In a members’ voluntary liquidation, the liquidator must hold a meeting of the company each year and provide details of his or her actions and dealings, and of the conduct of the winding up in the preceding year.In voluntary liquidation proceedings, the company’s directors must, pursuant to rules 5.6 to 5.8 of the AIFC Insolvency Rules:
• provide information about the company’s affairs to the liquidator and attend interviews with the liquidator as and when reasonably required
• look after and hand over the company’s assets to the liquidator, together with all its books, records, bank statements, insurance policies and other papers relating to its assets and liabilities
The Liquidator prepares a Statement of Affairs, which is intended to show a company’s position prior to liquidation. It details the company’s assets and liabilities as well as any fixed or floating charges that are secured against company assets (Form 1.08)Liquidation ends when the company is dissolved after the final general meeting of the members held by the liquidator. The duration of the liquidation process will depend on the circumstances of the individual case (e.g. the nature of the assets involved), but once the process has been completed the company will be dissolved and cease to exist. If it later turns out that the company is not solvent, the liquidator will call a meeting of creditors and the liquidation becomes a creditors’ voluntary liquidation.
1.2 Creditors’ voluntary liquidation
This is when the shareholders of the company decide to put the company into liquidation, but there aren’t enough assets to pay the creditors in full i.e. the company is insolvent. The liquidation begins from the time the resolution to wind up is passed. If the majority of directors do not make a declaration of solvency (according to section 31 (1) of the AIFC Insolvency Regulations, or the company is insolvent, the shareholders can still vote for a voluntary liquidation. This type of liquidation is called a creditors’ voluntary liquidation.

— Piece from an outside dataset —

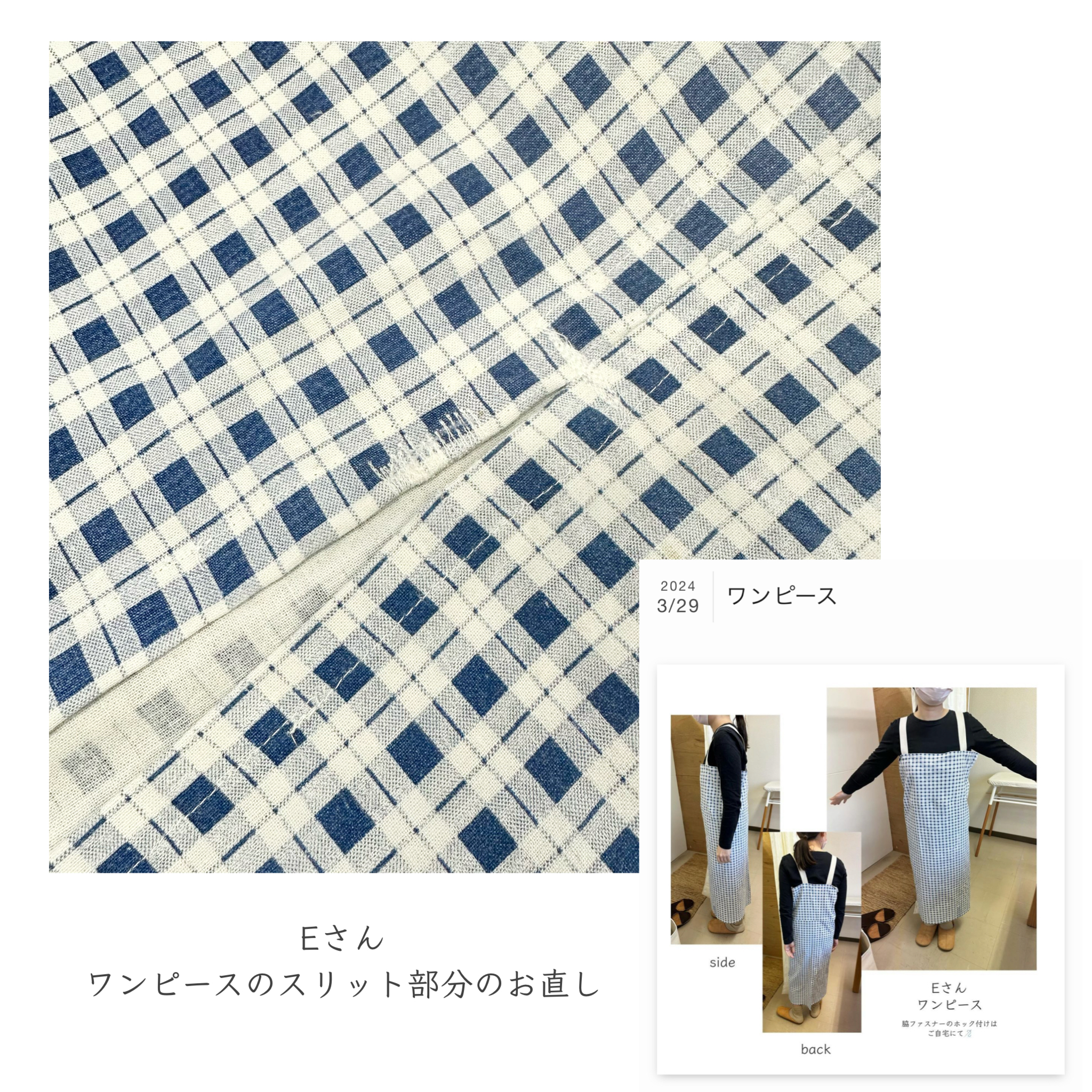 2024年3月29日の投稿でご紹介した、Eさんのワンピース。

To vote for a voluntary liquidation, the shareholders must:
• hold a general meeting of the company
• pass a resolution for voluntary winding up (as for members’ voluntary liquidation)
The company can nominate an authorised insolvency practitioner as liquidator. It must also call a meeting of creditors (usually on the same day as the shareholders’ meeting) at which they receive details of its financial affairs. The creditors can nominate a liquidator and their nomination.The liquidator takes control of the company’s affairs and all powers of the directors’ cease, in accordance with section 32 (2) of the AIFC Insolvency Regulations.
The Liquidator prepares a Statement of Affairs, which is intended to show a company’s position prior to liquidation. It details the company’s assets and liabilities as well as any fixed or floating charges that are secured against company assets (Form 1.09)
The liquidator disposes of all the company’s assets and, after paying the costs and expenses of the liquidation, distributes any remaining money to the creditors.
In a creditors’ voluntary liquidation, the liquidator has to hold annual creditors’ meetings for every year in compliance with section 42 of the AIFC Insolvency Regulations. In this meeting, the liquidator must also provide the meetings an account of the various actions and measures taken and the conduct of the liquidation process during the preceding year. The liquidator also has a duty to make a report to the Ministry of Justice of Republic of Kazakhstan or to the Registrar as the case may be regarding the conduct of the company’s director. As soon as the affairs of the company are fully wound up, the liquidator will hold final meetings of the company and its creditors.